• _Your instructions_: A faithful copy of the data, pictures omitted, is the required answer.

• _Source material_:
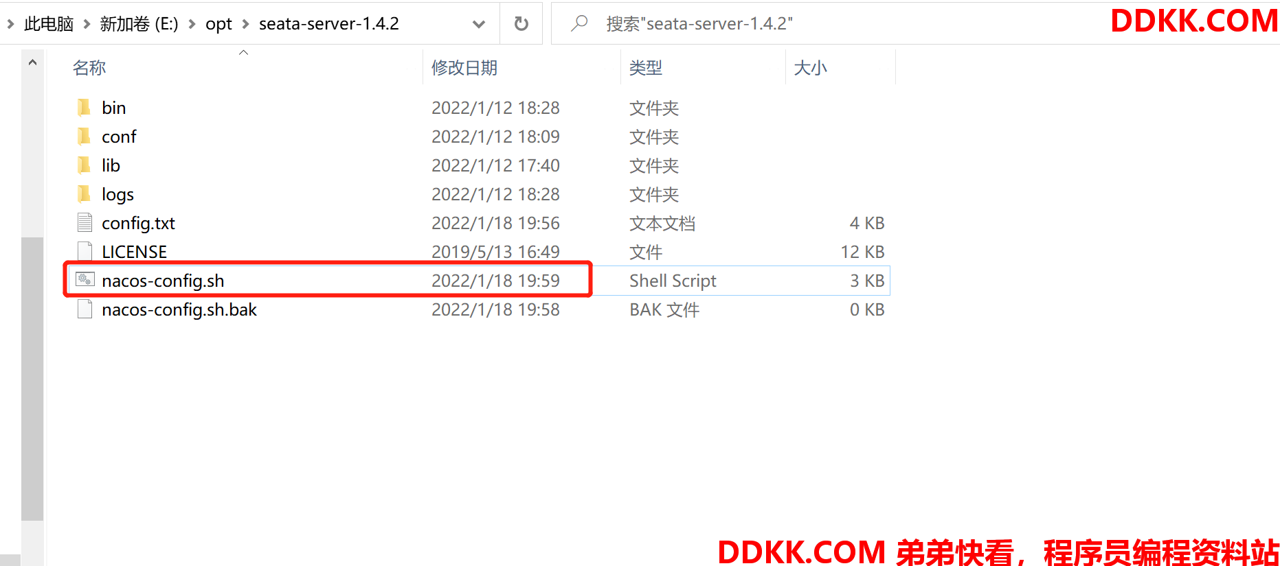 2、 我们需要在seata-server-1.4.2文件夹中新建一个脚本文件nacos-config.sh,然后把脚本内容复制进去;
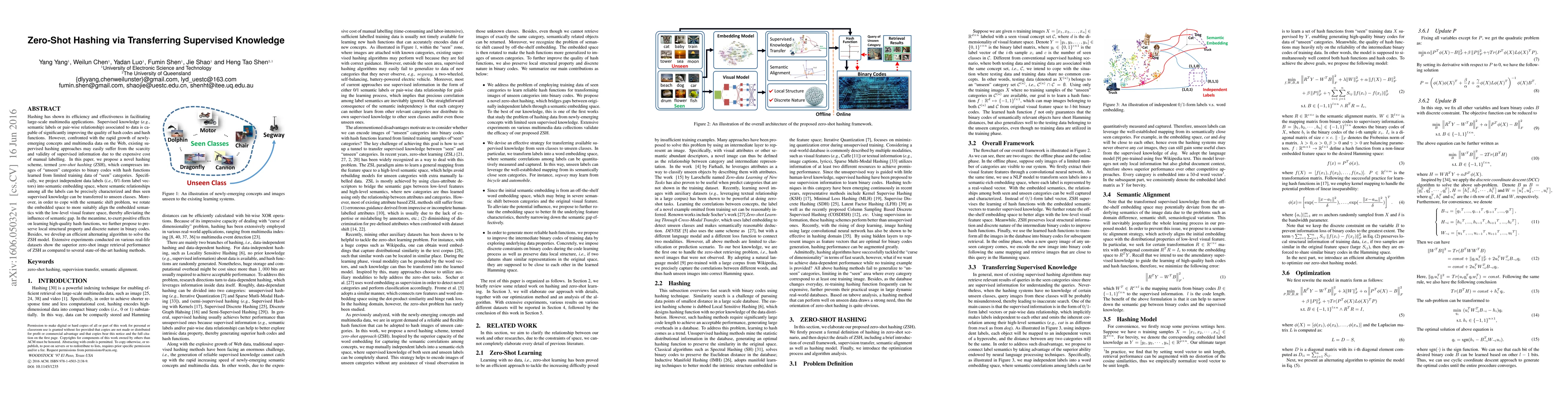 This paper proposes a novel zero-shot hashing (ZSH) method to generate binary codes for unseen categories using supervised knowledge from seen categories. It leverages semantic embeddings to transfer knowledge and addresses semantic shift through space rotation, while preserving local structure and discreteness in binary codes for high-quality hash functions.
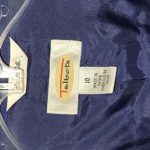 Chic royal blue pure silk blazer by Talbots. Features elegant silver buttons and a tailored fit. Perfect for professional and formal settings.

• _Final answer_:
 2、 我们需要在seata-server-1.4.2文件夹中新建一个脚本文件nacos-config.sh,然后把脚本内容复制进去;
 This paper proposes a novel zero-shot hashing (ZSH) method to generate binary codes for unseen categories using supervised knowledge from seen categories. It leverages semantic embeddings to transfer knowledge and addresses semantic shift through space rotation, while preserving local structure and discreteness in binary codes for high-quality hash functions.
 Chic royal blue pure silk blazer by Talbots. Features elegant silver buttons and a tailored fit. Perfect for professional and formal settings.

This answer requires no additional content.